Video (DVD) by Incubus
- Released: November 23, 2004
- Recorded: July 26, 2004 at Red Rocks, Colorado
- Genre: Alternative rock
- Length: 140 minutes
- Label: Epic / Immortal
- Director: Zane Vella
- Producer: Sara Maier, Steve Rennie, Zane Vella

Incubus chronology
| Morning View Sessions (2002) | Alive at Red Rocks (2004) | Look Alive (2007) |

= Alive at Red Rocks =

Alive at Red Rocks is a live DVD and bonus CD by the American band Incubus. It was recorded in Red Rocks, Colorado on July 26, 2004. It was the first DVD showing new bassist Ben Kenney (Dirk Lance's replacement). It was also the first DVD that featured Mike Einziger using a Fender Rhodes piano, on the performances of "Here in My Room" and "Drive."

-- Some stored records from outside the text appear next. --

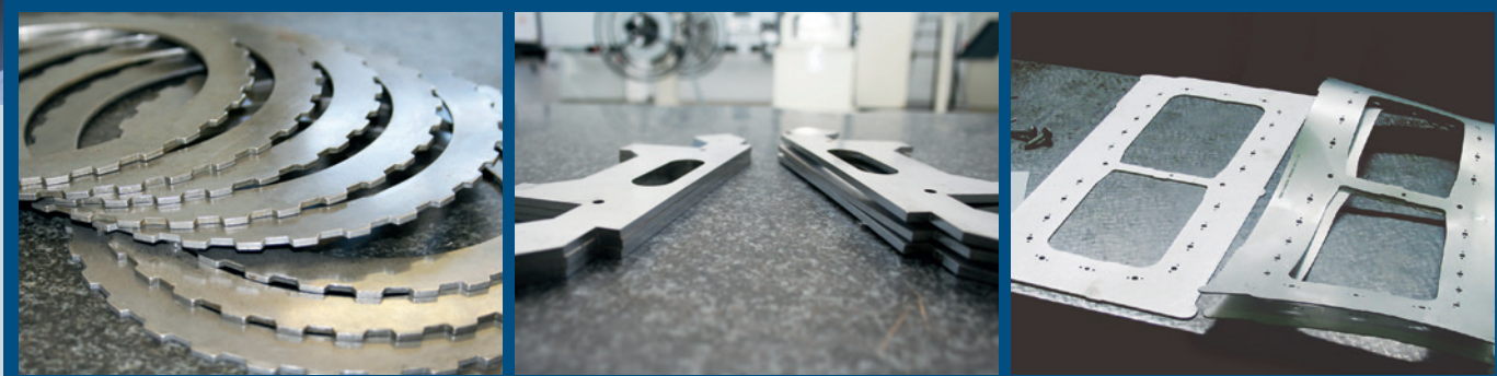
EcoMaster® – Consistent leveling results. Ideal for the use in the automotive industry, laser job shops and aerospace industry.

Unique - The ARKU quick-change system offers the advantage of cleaning and changing the leveling rollers and back-up rollers in just a few minutes.
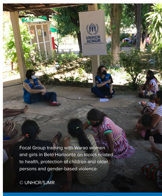
Focal Group training with Warao women and girls in Belo Horizonte on topics related to health, protection of children and older persons and gender-based violence.

In Belo Horizonte, UNHCR São Paulo met with partner entities (Municipal and State Social Assistance Secretariats, Federal Prosecution Service, and Prosecution Service of the State of Minas Gerais, Public Defender's Office and Minas Gerais Police Force, representatives of the legislative power in the state, and SJMR) and with the Warao population to discuss joint protection and integration strategies as part of the discussions around the 1st State Plan for Refugees, Migrants, Stateless Persons and Returnees, and the Bill of Law that aims to institute a specific policy for these populations in Minas Gerais.
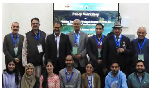
Participants posing for a group photo at the policy workshop in India

https://docs.google.com/document/d/1QuS-DsSsHQIKgIbiGW6rSa5JZPMD7xB8/edit
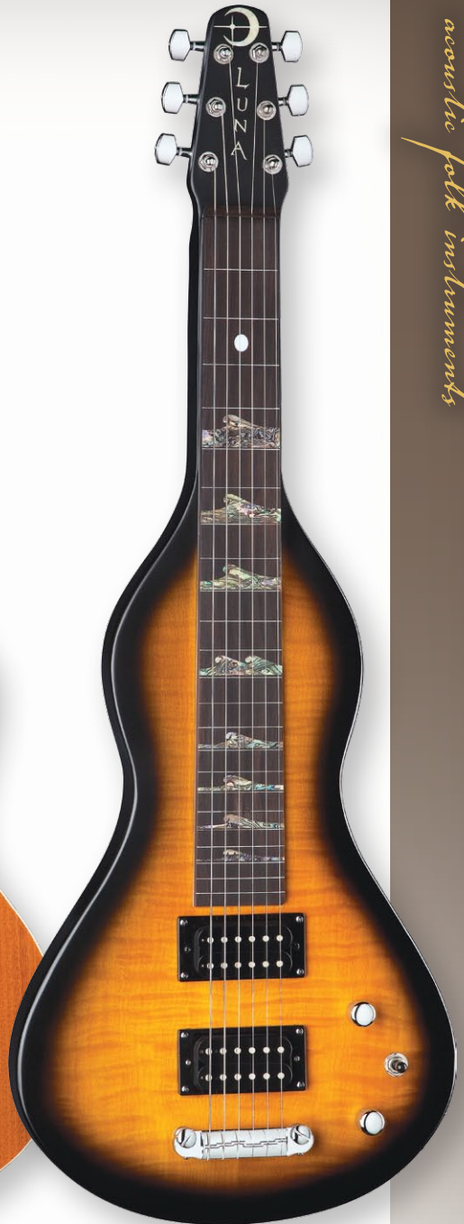
ELECTRIC LAP STEEL NEW!

"Great spirits have always encountered opposition from mediocre minds." - Albert Einstein
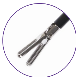
Straight Grasping Forceps
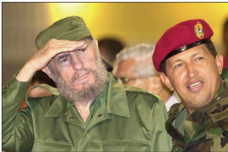
Commandante Fidel Castro Ruz and Venezuelan President Hugo Chavez

"One of the main purposes of increasing tension in the Korean peninsula was to put pressure on Japanese Prime Minister Yukio Hatoyama to make him change his policy on the withdrawal of the US Marine Corps base from Okinawa. Hatoyama has admitted that tensions over the sinking of the Cheonan had a significant influence on his decision to allow the US marines to stay in Okinawa. Hatoyama's decision has caused a split in the center-left coalition government, an event welcomed by
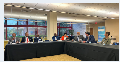
Atlanta University Center Consortium
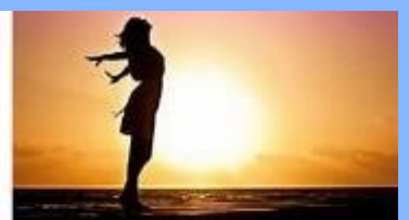
Lady in Beach Silhouette during Daytime Photography
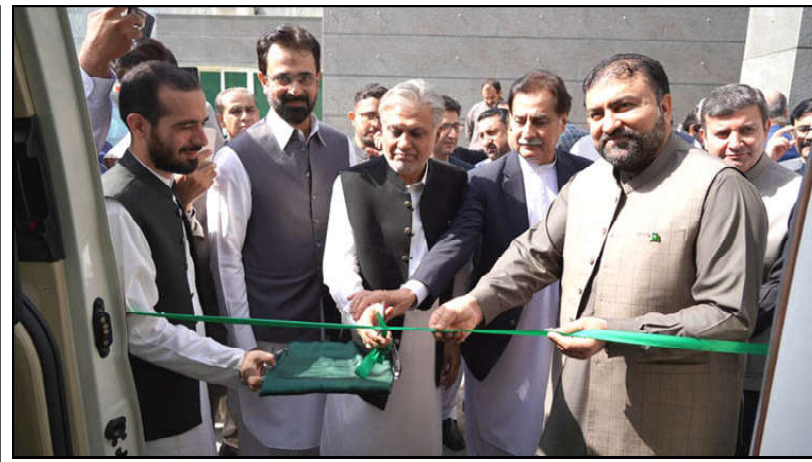
QUETTA: Deputy Prime Minister Ishaq Dar and Chief Minister Balochistan Mir Sarfraz Ahmed Bugti inaugurating new Registration Centers of NADRA. Speaker National Assembly Sardar Ayaz Sadiq, Provincial Ministers and high officials are also present

However, the timely completion of the federal development projects is conditional with timely release of the funds.
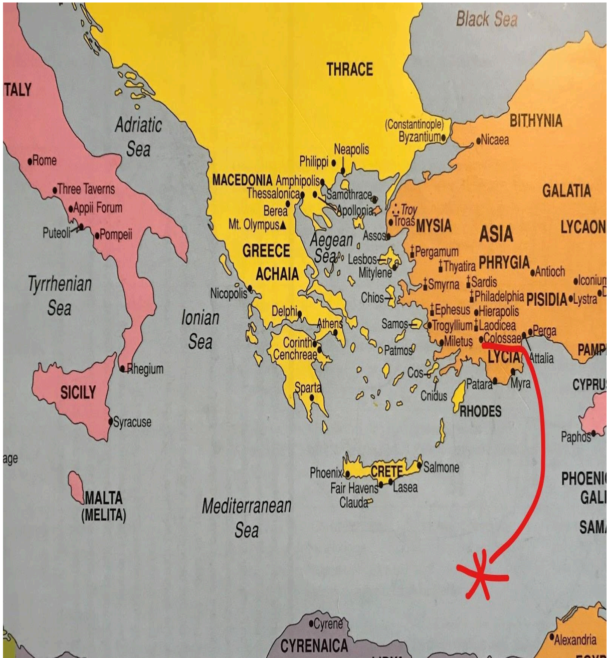
MAP SHOWING CITIES DURING THE APOSTLE PAUL MISSIONARY JOURNEYS.
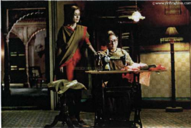
Fig. 15 Source: Laga Chunari Mein Daag (2007) Sabitri: Working to keep her family Afloat and sticking to tradition.

shown by her sticking to Hindu values, rather than helping her daughter and understanding why Vaibhavari had to turn to being a call girl.
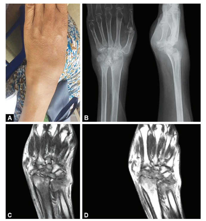
Figs 1A to D: (A) Clinical picture of the deformed wrist; (B) Preoperative radiograph; (C and D) MRI images with loss of signal intensity in the proximal row carpal bones
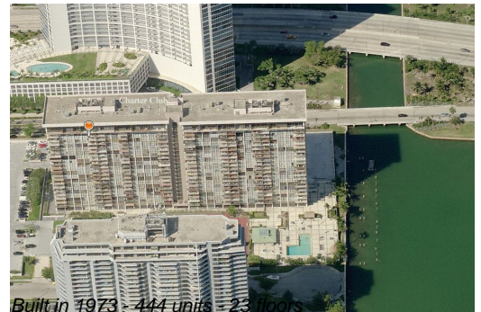
Built in 1973 - 444 units - 23
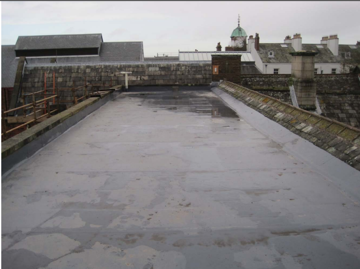
AFTER – Looking north
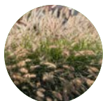
Pennistum (Chinese fountain grass)
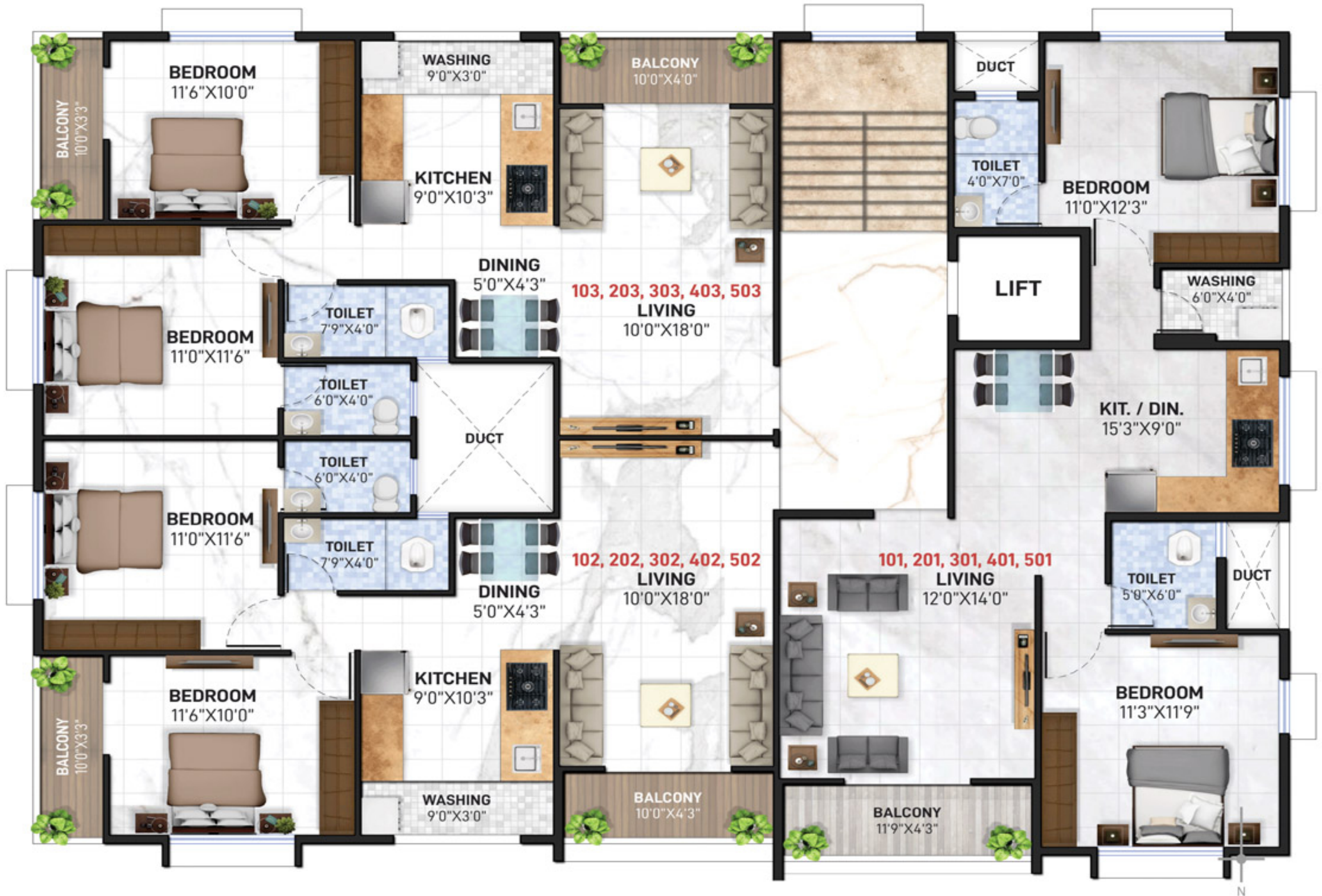
RESIDENTIAL - TYPICAL 1st to 5th FLOOR PLAN
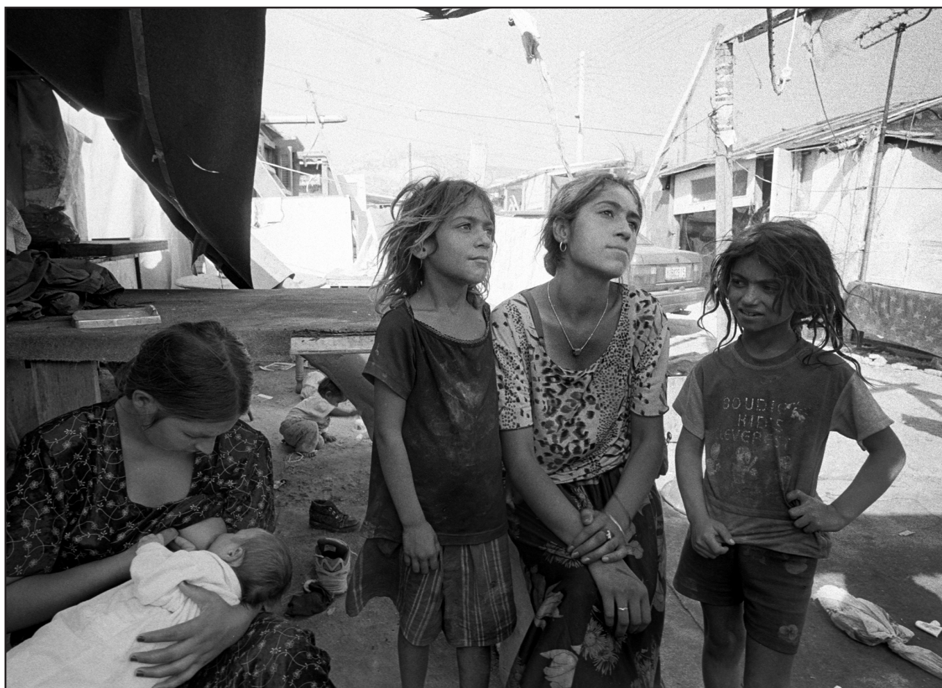
Life conditions of Albanian families, Athens.

The EU approach to humanitarian interventions recognises that special care must be taken to protect children in emergency situations who are especially vulnerable, and thus all programmes are to have a special focus on children's welfare. Whilst such measures can contribute to the protection of children from trafficking there is also a need for specific measures, both during the emergency itself or in the rehabilitation period, which are not currently present in EU policy.
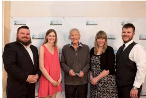
Scott's Shoe Store BIA Member of the Year
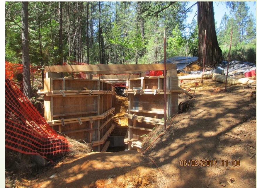
Measuring Weir at Allison Ranch Rd.
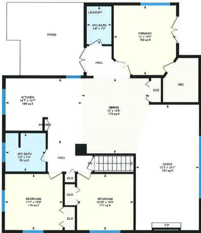
Main Floor Exterior Area 1438.91 sq ft

Main Building: Total Exterior Area Above Grade 2541,72 sq ft
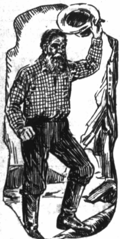
"Hooray!" He yelled. "Charley Bullerton's Dressed Your Mine for Ye!"

Beasley left me sitting on the doorstep—I've a notion he had run out of handcuffs, else he might have clapped a pair of them on me—while he started his posse down to Atropia with the captured raiders and their leader.
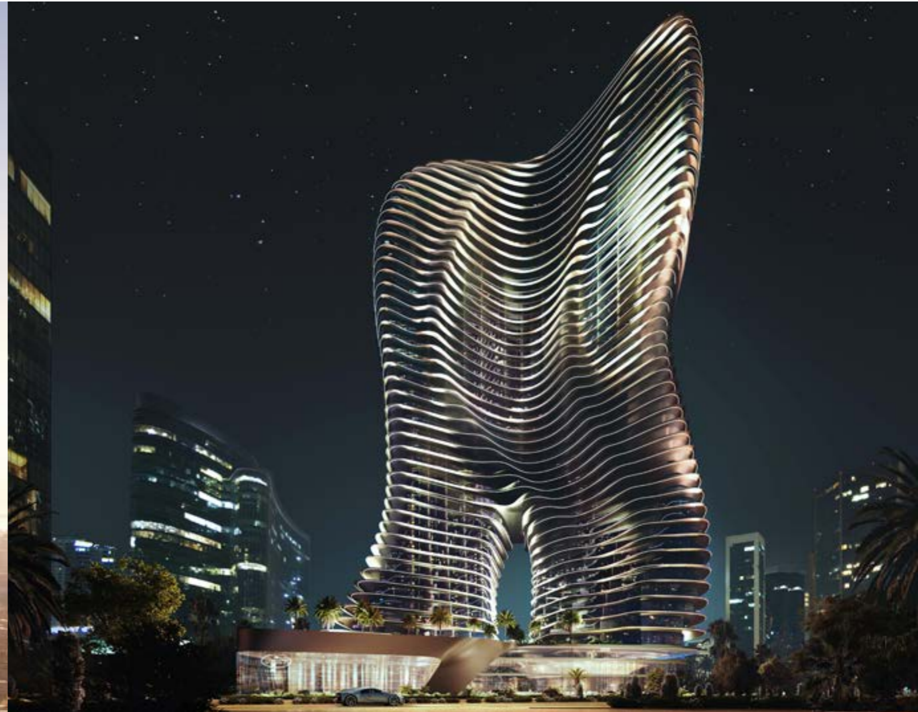
BUGATTI RESIDENCES BY BINGHATTI
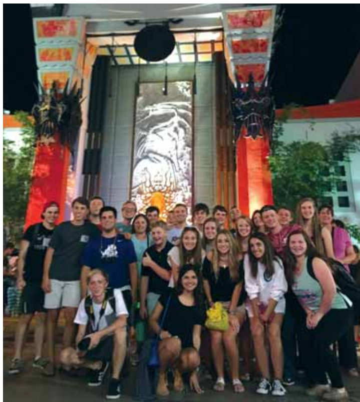
CYF Mission Trip

Each year, the Chi Rho and CYF youth each go on a mission trip to a different city where they partner with different organizations to complete service-learning and get to know the city through different excursions. This year, the Chi Rho (grades 6-8) will be traveling to Austin, Texas, from June 4-7, and the CYF (grades 9-12) will travel to Memphis, Tennessee, from July 2-9. Both trips will allow youth to bond with their UCC community while getting to know new people and new places as they see and partner with what God is up to in other cities.

The bonus CD included five previously unreleased tracks. One was the popular live song "Pantomime", which was recorded for A Crow Left of the Murder..., but ultimately left off. "Monuments and Melodies", a B-side of the "Megalomaniac" single and Japanese bonus track of A Crow Left of the Murder..., was also released. A new version of the song called "Follow" (the previous version being a movement from The Odyssey, featured on the Halo 2 Original Soundtrack) was included. Finally, there are live performances of the songs "Circles" and "Are You In" on the CD.

Professional ratings
Review scores
| Source | Rating |
| Allmusic |  |
| Classic Rock |  |

==Reception==
Alex Henderson of AllMusic awarded it four out of five stars, writing that it contains "inspired, gutsy performances of 'Talk Shows on Mute', 'Drive', 'Wish You Were Here',
'Megalomaniac' and other favorites." Henderson added that, "Alive at Red Rocks isn't for the alt-metal/nu metal ideologues who insist that Incubus peaked around 1995-1996, but anyone who admires their more recent output will find a lot to savor on this generally excellent release."

==DVD track listing==
1. "Megalomaniac"
2. "Nice To Know You"
3. "Idiot Box"
4. "Just A Phase"
5. "Priceless"
6. "Beware! Criminal"
7. "Wish You Were Here"
8. "Here In My Room"
9. "Drive"
10. "Vitamin" (includes "Everything in Ebb," a portion of the "4th Movement of The Odyssey" with lyrics)
11. "Pistola"
12. "Stellar" (includes a portion of "De Do Do Do, De Da Da Da" by The Police)
13. "Made For TV Movie"
14. "Talk Shows on Mute"
15. "Sick Sad Little World"
16. "A Certain Shade of Green" (listed as just "Green" on the DVD)
17. "Pantomime"
18. "The Warmth"
19. "Pardon Me"

==CD track listing==
1. "Pantomime" (in-studio version) – 3:54
2. "Follow" (vocal version of the first movement of The Odyssey) – 3:35
3. "Monuments and Melodies" – 5:05
4. "Are You In?" (live) – 4:30
5. "Circles" (live) – 4:52

==Personnel==
===Incubus===
- Brandon Boyd – lead vocals, rhythm guitar, percussion
- Michael Einziger – lead guitar, rhodes piano, backing vocals
- Jose Pasillas II – drums, percussion
- Chris Kilmore – turntables, theremin
- Ben Kenney – bass guitar, backing vocals, drums, percussion

==Certifications==

| Region | Certification | Certified units/sales |
| Australia (ARIA) | Platinum | 15,000^{^} |
^{^} Shipments figures based on certification alone.